Problem to work on:
What needs reproducing is the run of lines in the data below starting at the line with "Why did the" and ending at the line with "세탁기와 건조기가 기본으로", both ends included. Copy it exactly, without pictures, and add nothing.

Task data:
>>>>>
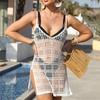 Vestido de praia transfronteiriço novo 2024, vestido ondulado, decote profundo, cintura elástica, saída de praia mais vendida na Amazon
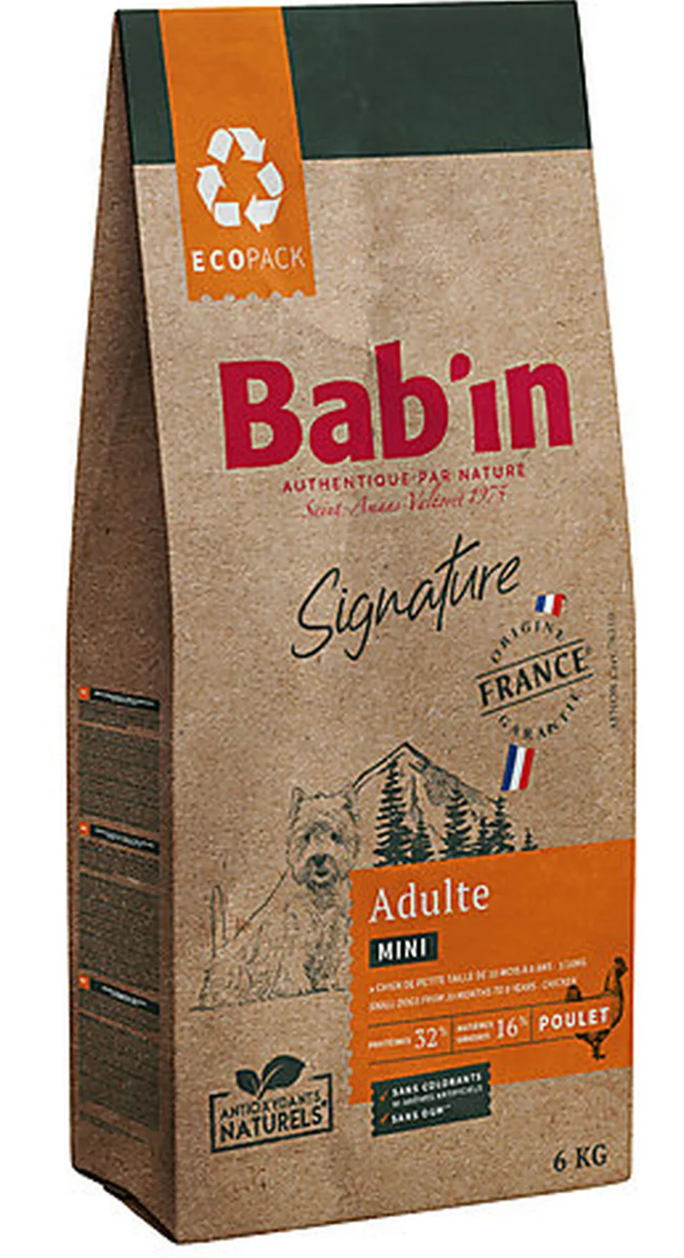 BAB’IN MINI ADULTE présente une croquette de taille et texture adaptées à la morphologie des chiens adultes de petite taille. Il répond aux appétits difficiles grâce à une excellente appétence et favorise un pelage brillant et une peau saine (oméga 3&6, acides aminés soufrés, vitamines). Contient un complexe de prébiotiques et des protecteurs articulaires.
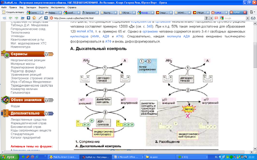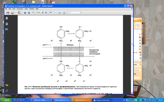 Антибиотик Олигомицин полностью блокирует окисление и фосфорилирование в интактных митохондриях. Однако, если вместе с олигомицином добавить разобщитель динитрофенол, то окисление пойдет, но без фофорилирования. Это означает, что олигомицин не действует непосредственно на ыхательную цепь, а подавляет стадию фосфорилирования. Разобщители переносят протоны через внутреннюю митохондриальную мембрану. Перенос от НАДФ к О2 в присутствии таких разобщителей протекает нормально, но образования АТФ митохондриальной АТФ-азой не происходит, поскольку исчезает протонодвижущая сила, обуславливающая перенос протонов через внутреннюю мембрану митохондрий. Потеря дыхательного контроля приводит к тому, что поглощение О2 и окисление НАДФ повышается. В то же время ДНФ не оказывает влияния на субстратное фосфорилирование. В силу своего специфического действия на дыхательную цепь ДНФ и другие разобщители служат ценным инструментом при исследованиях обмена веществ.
<<<<<
>>>>>
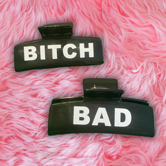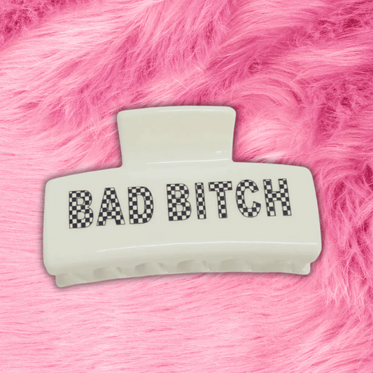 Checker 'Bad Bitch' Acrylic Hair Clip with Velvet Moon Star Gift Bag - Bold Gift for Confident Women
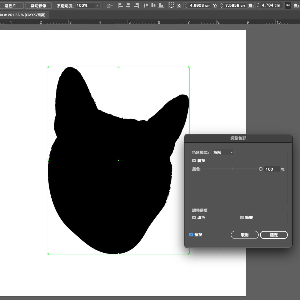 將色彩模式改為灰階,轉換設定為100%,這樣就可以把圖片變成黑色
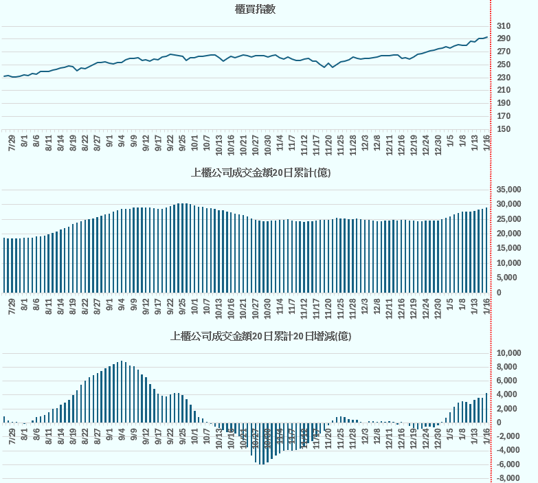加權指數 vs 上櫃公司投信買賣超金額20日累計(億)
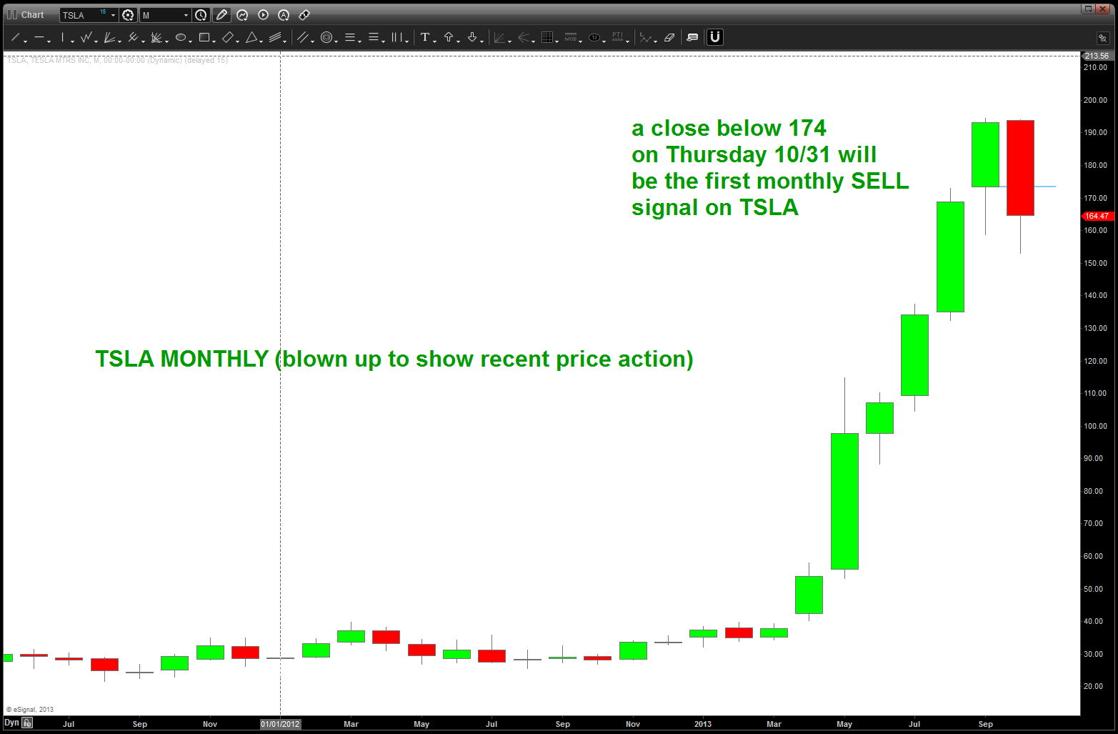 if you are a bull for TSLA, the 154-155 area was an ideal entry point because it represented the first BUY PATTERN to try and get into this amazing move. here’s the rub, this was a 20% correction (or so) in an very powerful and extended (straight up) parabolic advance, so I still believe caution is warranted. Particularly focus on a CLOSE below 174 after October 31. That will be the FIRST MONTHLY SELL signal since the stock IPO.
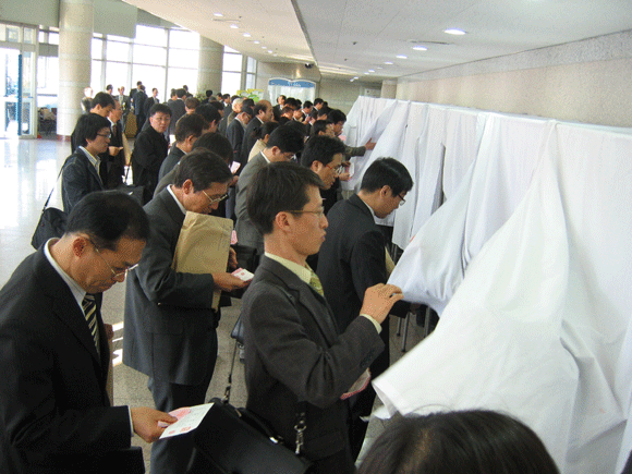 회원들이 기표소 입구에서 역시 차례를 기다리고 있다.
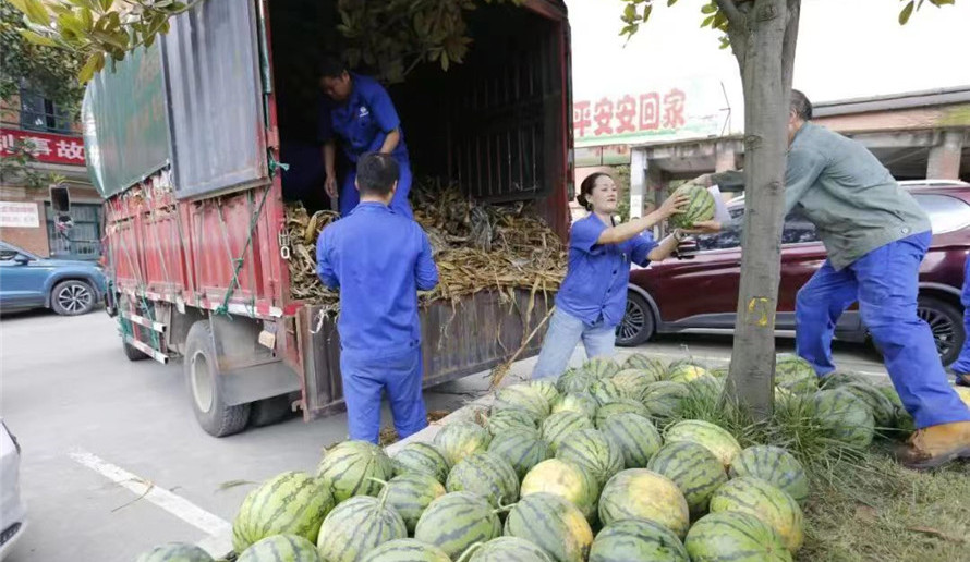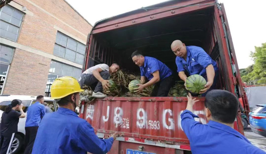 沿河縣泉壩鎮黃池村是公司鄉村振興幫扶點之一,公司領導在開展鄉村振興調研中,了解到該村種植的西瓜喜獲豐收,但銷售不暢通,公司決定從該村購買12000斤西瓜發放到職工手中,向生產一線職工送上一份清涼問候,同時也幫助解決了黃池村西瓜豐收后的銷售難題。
<<<<<
>>>>>
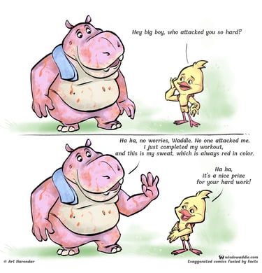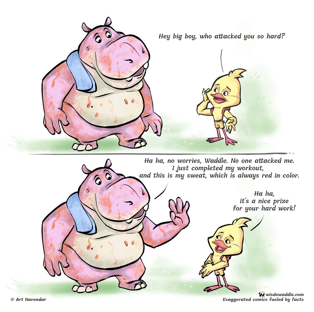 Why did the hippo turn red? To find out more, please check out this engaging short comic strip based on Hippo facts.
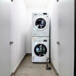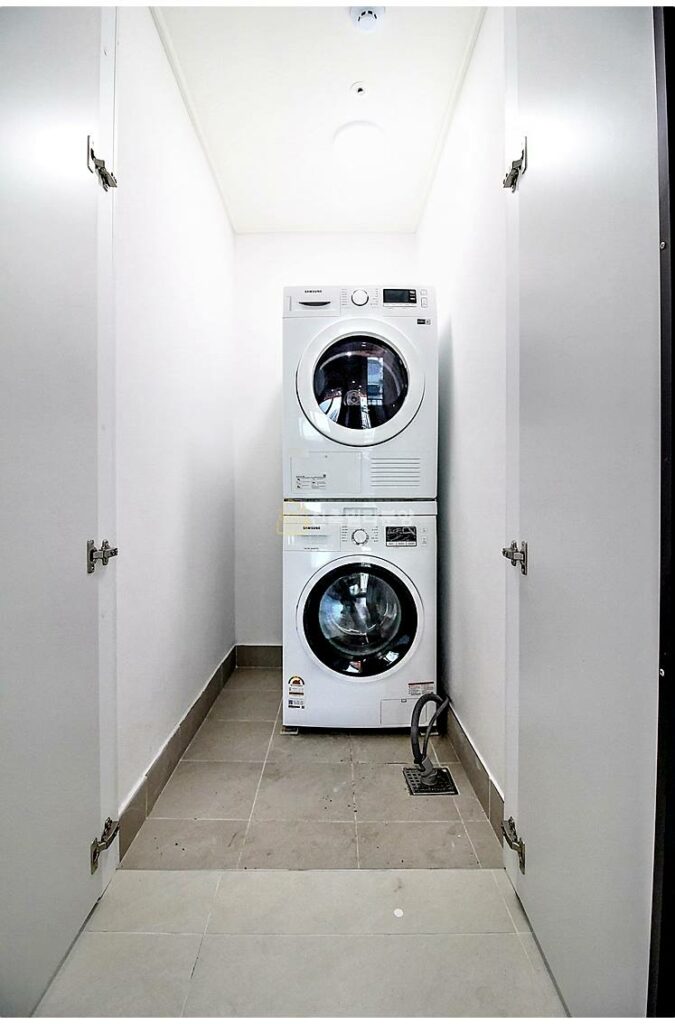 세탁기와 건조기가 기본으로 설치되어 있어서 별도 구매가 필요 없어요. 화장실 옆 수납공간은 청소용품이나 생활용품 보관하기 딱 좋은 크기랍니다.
<<<<<
Answer to the problem:
 Why did the hippo turn red? To find out more, please check out this engaging short comic strip based on Hippo facts.
 세탁기와 건조기가 기본으로 설치되어 있어서 별도 구매가 필요 없어요. 화장실 옆 수납공간은 청소용품이나 생활용품 보관하기 딱 좋은 크기랍니다.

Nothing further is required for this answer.